▸ **Exercise requirements**
Exactly the lines below, starting with the one containing "(总)法芙娜家纺 2026新" and going on through the one containing "Dit zijn modulaire", must be reproduced, both ends included, and no pictures with them.

▸ **Source material**
╭──

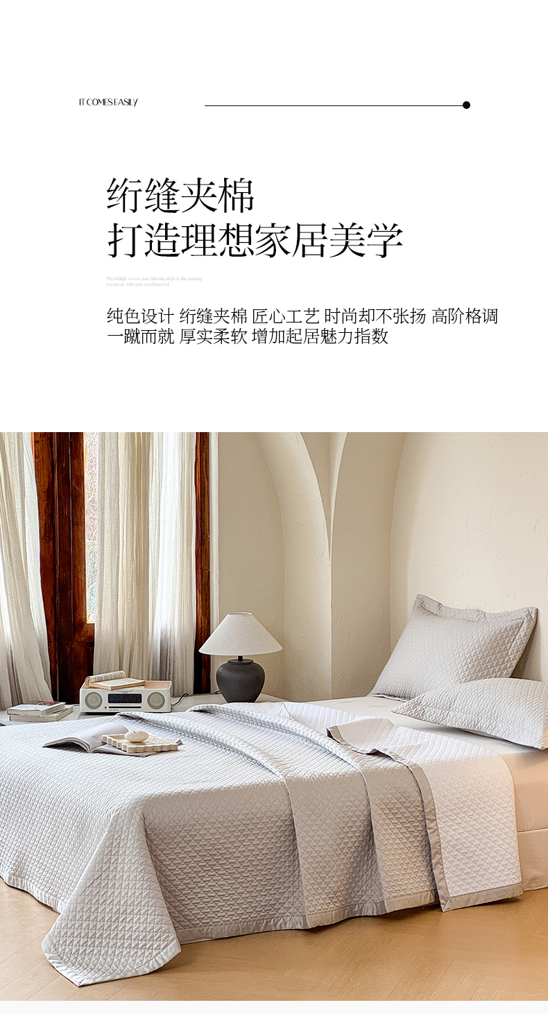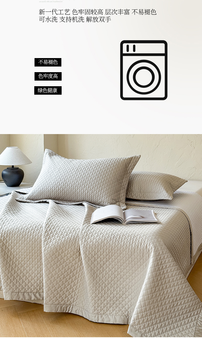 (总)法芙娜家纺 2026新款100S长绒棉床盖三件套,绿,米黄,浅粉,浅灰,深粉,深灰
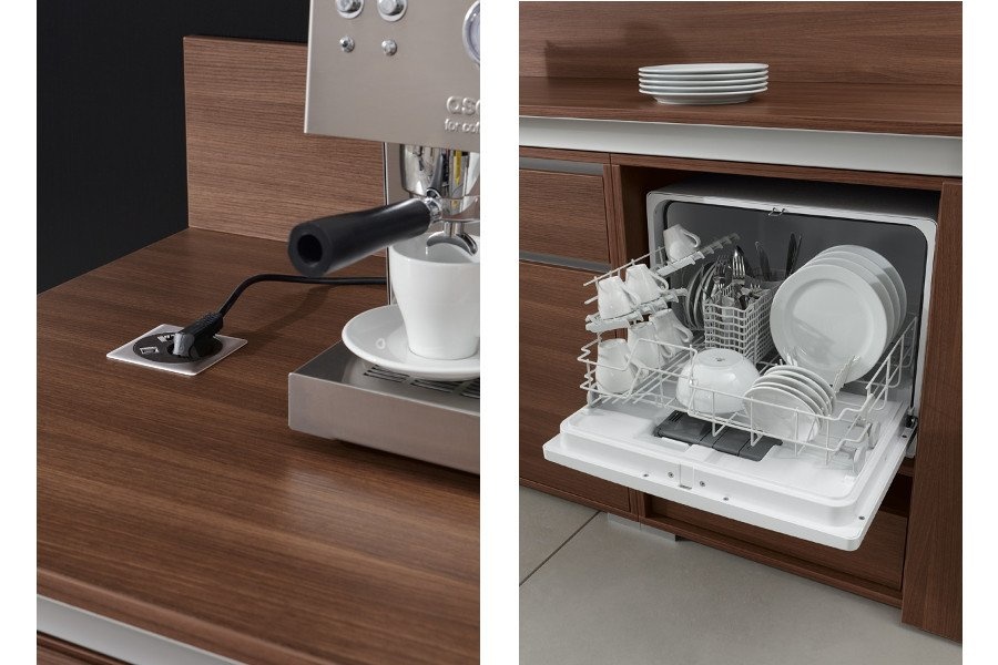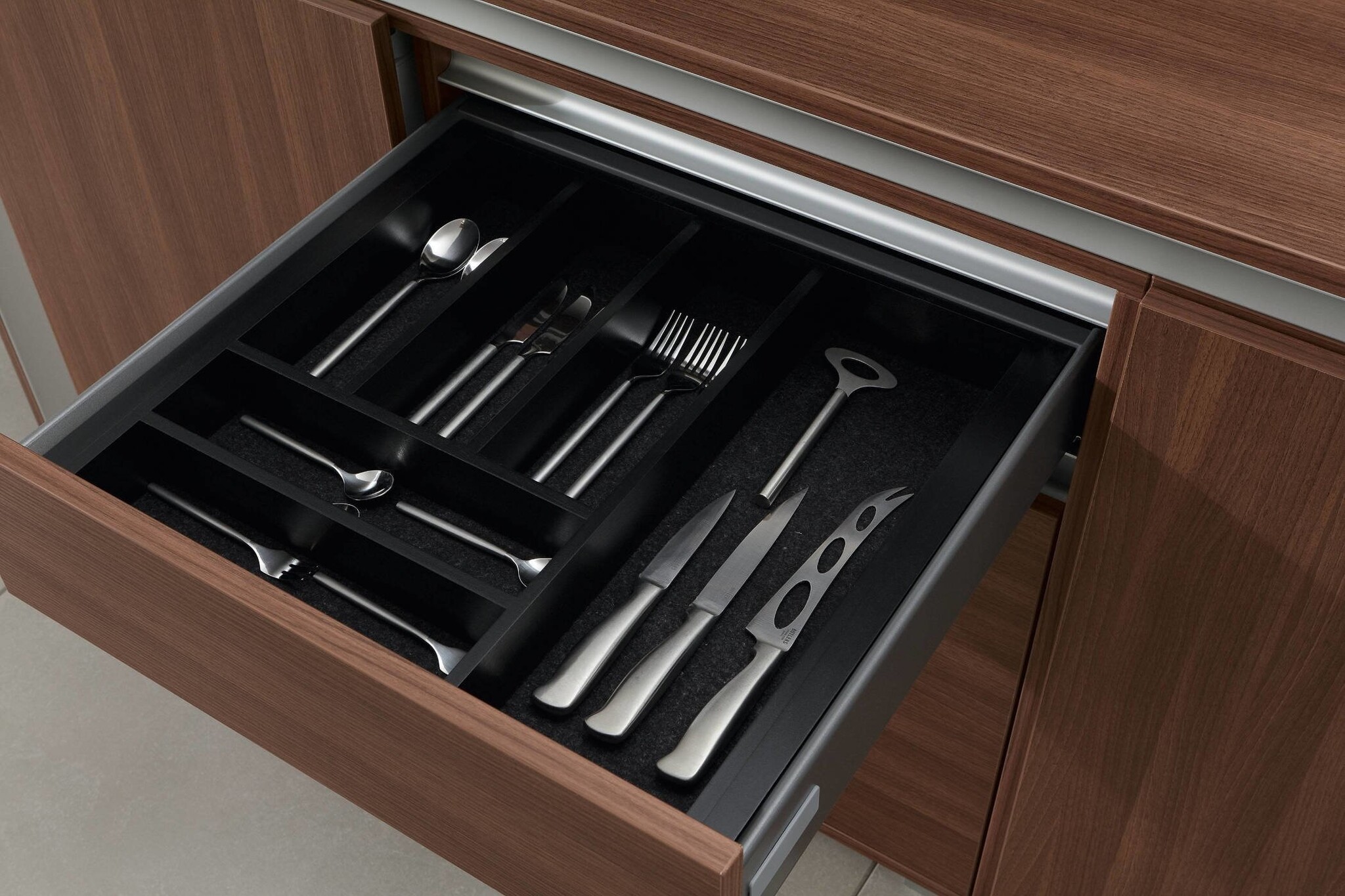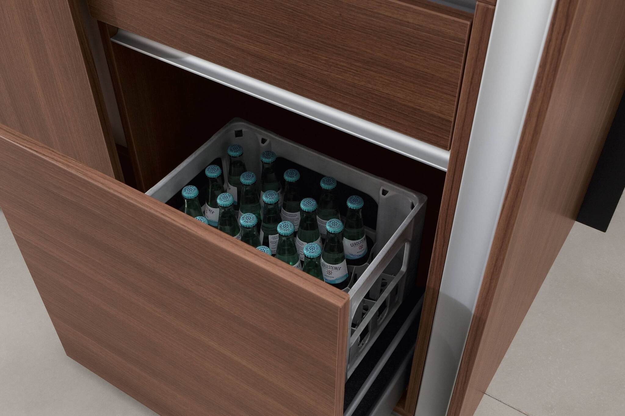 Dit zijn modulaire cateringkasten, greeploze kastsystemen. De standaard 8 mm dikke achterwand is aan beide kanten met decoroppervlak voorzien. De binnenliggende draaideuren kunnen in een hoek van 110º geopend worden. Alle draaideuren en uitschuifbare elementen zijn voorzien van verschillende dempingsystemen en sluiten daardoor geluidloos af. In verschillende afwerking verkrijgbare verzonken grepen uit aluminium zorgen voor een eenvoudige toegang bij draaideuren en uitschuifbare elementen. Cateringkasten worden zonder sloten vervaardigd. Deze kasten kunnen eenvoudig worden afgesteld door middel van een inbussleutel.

╰──
╭──

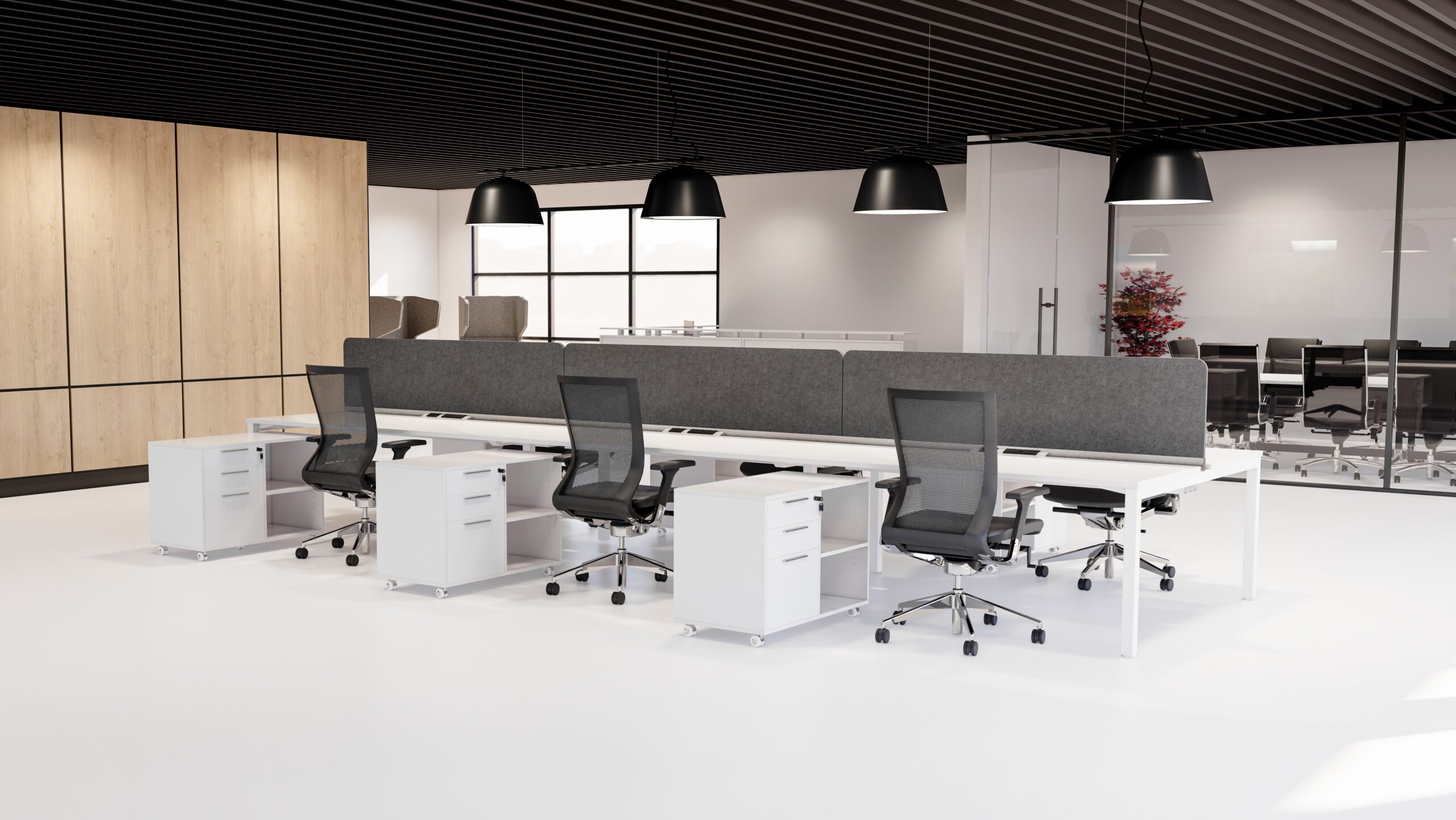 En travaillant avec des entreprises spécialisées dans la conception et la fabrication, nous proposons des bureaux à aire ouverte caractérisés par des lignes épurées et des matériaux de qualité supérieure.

╰──

▸ **Answer box**
 (总)法芙娜家纺 2026新款100S长绒棉床盖三件套,绿,米黄,浅粉,浅灰,深粉,深灰
 Dit zijn modulaire cateringkasten, greeploze kastsystemen. De standaard 8 mm dikke achterwand is aan beide kanten met decoroppervlak voorzien. De binnenliggende draaideuren kunnen in een hoek van 110º geopend worden. Alle draaideuren en uitschuifbare elementen zijn voorzien van verschillende dempingsystemen en sluiten daardoor geluidloos af. In verschillende afwerking verkrijgbare verzonken grepen uit aluminium zorgen voor een eenvoudige toegang bij draaideuren en uitschuifbare elementen. Cateringkasten worden zonder sloten vervaardigd. Deze kasten kunnen eenvoudig worden afgesteld door middel van een inbussleutel.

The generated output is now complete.